Kabhi Kabhie se divise en quelque sorte en trois parties dont la première très courte (10 mn environ) est très poétique avec Amitabh Bachchan, poète déclamant avec insouciance des vers d’un romantisme exacerbé à sa bien-aimée qui boit ses paroles, une seconde qui se déroule de la 10ème à la 24ème minute et montre le mariage de Pooja et de Vijay entourés de décorations rutilantes avec lesquelles tranche la tristesse de la mariée et la troisième partie qui montre la vie qui succède au mariage de Pooja et donc à leur séparation. On a droit dès les premières minutes à une scène de séduction délicieuse entre Amitabh Bachchan et Shashi Kapoor à laquelle succède de charmantes scènes où l’on voit le couple s’enlacé, s’embrassé tendrement et parfois courir ensemble tels Radha et Krishna, couple divin représentant la passion et offrant de nombreuses nuances érotiques dont l’amour à la fois charnel et spirituel est censé avoir atteint l’apogée absolue pour les mortels et les dieux. Il faut noter l’ambiance assez étonnante des scènes qui décrivent le mariage de Pooja et Vijay. On y retrouve un faste qui fait penser à celui qui se retrouve dans certains films comme Devdas mais l’attitude de soumission complète et totale de la mariée à son mari à de quoi faire frémir aujourd’hui.

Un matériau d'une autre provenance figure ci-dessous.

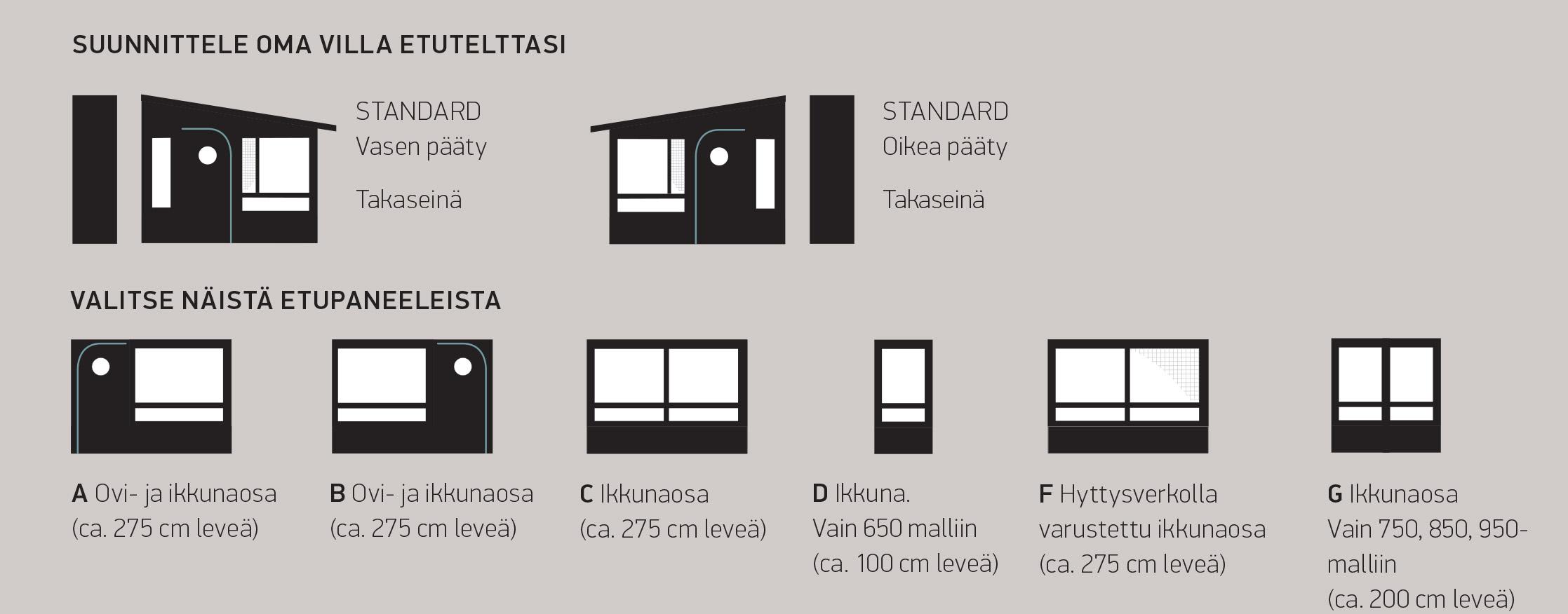 VILLA on saatavana kahtena syvyytenä ja viitenä pituutena, ja se voidaan koota eri moduuleista. Monien vaihtoehtojen ansiosta voit suunnitella oman unelma-Villasi:
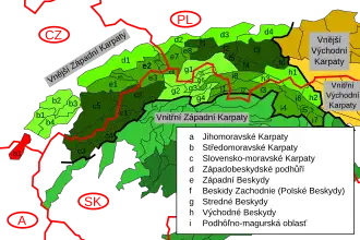![]() South-Moravian Carpathians (marked in red) within the Outer Western Carpathians | |

Kabhi Kabhie se démarque des autres très nombreux films indiens qui abordent le thème du mariage arrangé voire forcé en montrant un prétendant qui renonce non seulement à son amour au lieu de se battre mais décide de surcroît de renoncer à la poésie, pour laquelle il est particulièrement doué. En avançant dans l’histoire on se dit que le scénario écrit par Pamela Chopra (l’épouse du réalisateur) s’avère plutôt élaboré et cruel lorsque Vijay, le mari de Pooja lui demande de lui chanter le poème Kabhi Kabhie, dédié initialement à Pooja par Amit. On n'est cependant pas au bout de nos surprise car l’histoire se complexifie par la suite au point qu’à la trame initiale, se rajoute une autre histoire concernant la fille cachée d’Anjali, l’épouse d’Amit qui part à la recherche de sa mère biologique. Cette deuxième intrigue (qui suffirait à donner la matière à plusieurs épisodes d'un soap opéra) prend suffisamment d’importance dans le scénario de Kabhi Kabhie pour en devenir l’histoire principale, un peu comme la conséquence de l’histoire malheureuse d’Amit et Pooja qui chanteront à jamais : Kabhi Kabhie, « Parfois, au fond de mon cœur je m’interroge » …
Verdict :
Kabhi Kabhie et un film culte de la filmographie de Yash Chopra, certes un peu daté mais intéressant à regarder pour comprendre d’où vient le cinéma romantique de films comme Veer-Zaara ou Saathiya. Cependant, compte tenu de l’ambiance années 70 qui reste la même au cours de l’histoire qui s’étend sur plus de 20 ans, il vaut mieux être fan du cinéma Indien ou de Yash Chopra pour pleinement apprécier ce film qui souffre de quelques maladresses techniques et dont le jeu d’acteur parfois sur jouer peut faire sourire.